** Task prompt **
Below are some records. Write out exactly their lines from the one with "If the front" through the one with "Laissez-vous séduire par", and leave the pictures behind.

** Source records **
##########
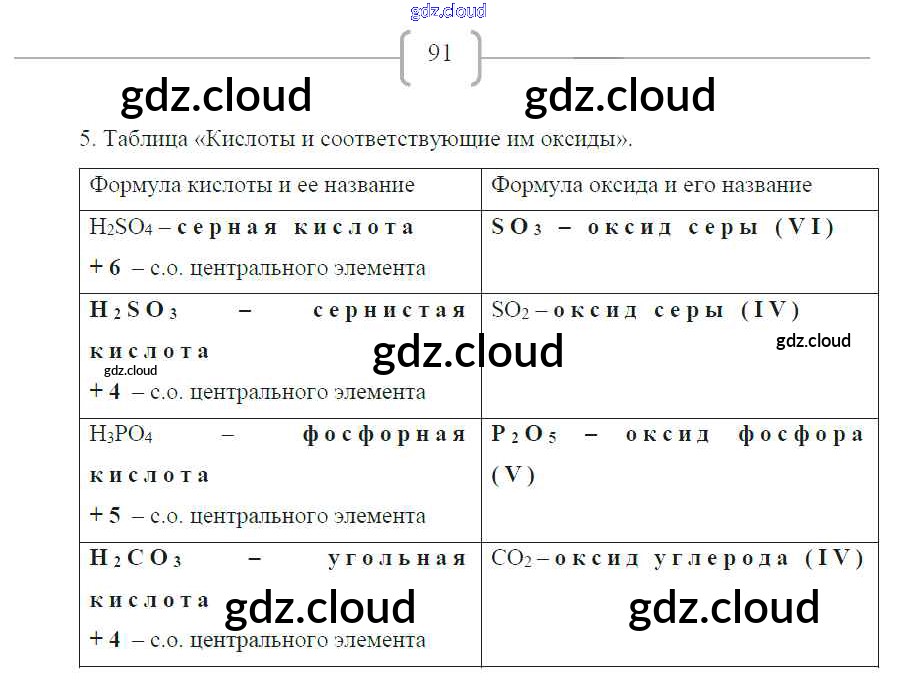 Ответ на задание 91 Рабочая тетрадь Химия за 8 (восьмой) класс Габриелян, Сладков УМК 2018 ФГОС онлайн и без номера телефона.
##########
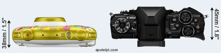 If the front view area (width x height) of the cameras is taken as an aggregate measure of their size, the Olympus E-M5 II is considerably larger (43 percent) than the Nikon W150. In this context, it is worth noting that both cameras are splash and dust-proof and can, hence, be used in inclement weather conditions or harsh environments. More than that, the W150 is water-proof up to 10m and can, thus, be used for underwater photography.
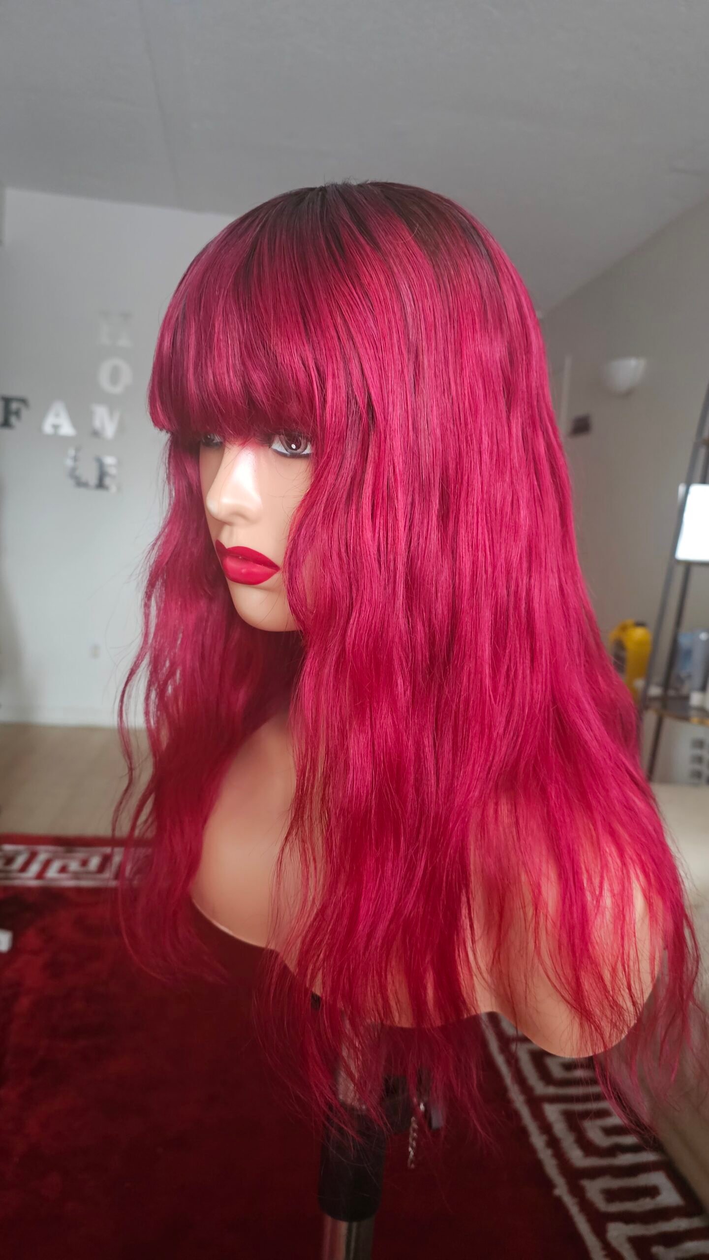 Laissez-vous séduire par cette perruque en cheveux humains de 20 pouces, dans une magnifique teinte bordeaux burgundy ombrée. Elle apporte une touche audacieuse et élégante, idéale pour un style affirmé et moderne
##########
** Task result **
 If the front view area (width x height) of the cameras is taken as an aggregate measure of their size, the Olympus E-M5 II is considerably larger (43 percent) than the Nikon W150. In this context, it is worth noting that both cameras are splash and dust-proof and can, hence, be used in inclement weather conditions or harsh environments. More than that, the W150 is water-proof up to 10m and can, thus, be used for underwater photography.
 Laissez-vous séduire par cette perruque en cheveux humains de 20 pouces, dans une magnifique teinte bordeaux burgundy ombrée. Elle apporte une touche audacieuse et élégante, idéale pour un style affirmé et moderne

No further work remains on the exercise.